As third-level undergraduates approach their end-of-year exams in just over a month, it is believed up to half the number who have not received grants are awaiting funding from awarding bodies in Cork.
USI president Peter Mannion said the situation highlights the urgency with which new Education Minister Mary Coughlan must move to advance the Student Support Bill, which has been waiting to get to committee stage in the Dáil for almost two years.
“I know the Government is looking at using the bill to introduce a simplified online application process, which would make a big difference in speeding things up. But even if it was pushed through before the summer it is unlikely we would see the effects for the next college year,” he said.
“This is unacceptable when, as recently as last week, there were still around 1,660 students who had not yet received their maintenance grants.
“There are still a big number, possibly as many as 800 of them, in Cork,” Mr Mannion said.
More than 60,000 third-level students are expected to qualify for maintenance grants for the current academic year, up significantly on previous years, as a result of the rising numbers of families affected by unemployment or reduced wages and salaries.
The Student Support Bill, introduced by former education minister Mary Hanafin in February 2008, would hand the operation of all grants to Vocational Education Committees (VECs) which already handle around two-thirds of applications.
The proposed laws would also allow for the setting of timescales in which details of income thresholds for eligibility must be introduced each year, as well as streamlining the process with the aim of reducing delays for students.
The planned rationalisation of the 33 city and county VECs could also impinge on the smooth implementation of the new system if and when the legislation is passed.

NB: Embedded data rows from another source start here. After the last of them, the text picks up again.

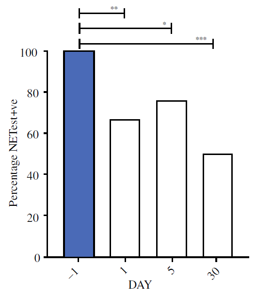 图7. NETest评分变化和手术。在4个不同的时间点NETest阳性患者百分比:术前、POD1、POD5和POD30。条形图表示评分阳性的百分比。统计显著性:***P≤0.0001;**P≤0.001;*P≤0.01。NETest,神经内分泌基因转录水平;POD,术后天数。
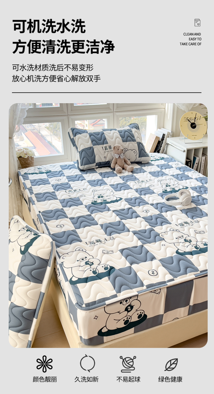 (总)希廷顿 2026新款印花夹棉防水床垫学生款,小恐龙,梦幻森林,小煤球,太空人,luck熊,萌宠狗,马上暴富,草莓熊,星星犬,熊本熊,熊猫攀竹,云之恋
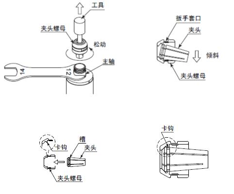 注意:把夹头装到夹头螺母上的时候,请保证使夹头槽准确地进入螺母卡钩。否则在拧紧螺母后,有时夹头会留在主轴内,无法取出。
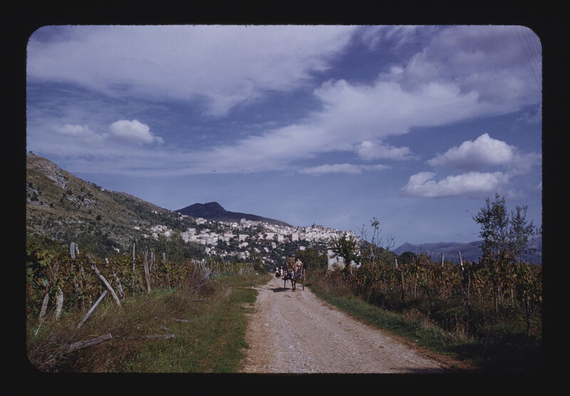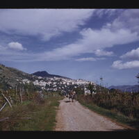 - EN towns, townscapes (representations), dirt roads, vegetation, pedestrians
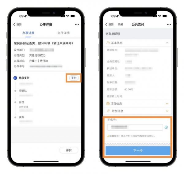 2.居民身份證丟失補領工本費為40元/證。完成在線支付后,點擊下一步。
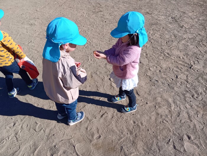 お散歩カーではなく、お友だちと手を繋いで歩いて行けることに成長を感じます。

Almost 250 delegates from more than 20 colleges on both sides of the border have gathered for the USI annual congress in Ballinasloe, Co Galway, where anger is also being expressed about mature students who receive the Back to Education Allowance (BTEA) no longer being eligible to receive maintenance grants.
“Many of those affected are students targeted for widening access to third level and it is also hitting some students moving from certain qualification levels to others,” Mr Mannion said.
The post of USI president will be decided in today’s election, contested by USI equality officer Linda Kelly from Ballyvolane in Cork, and University College Dublin Students’ Union president Gary Redmond from Arklow, Co Wicklow.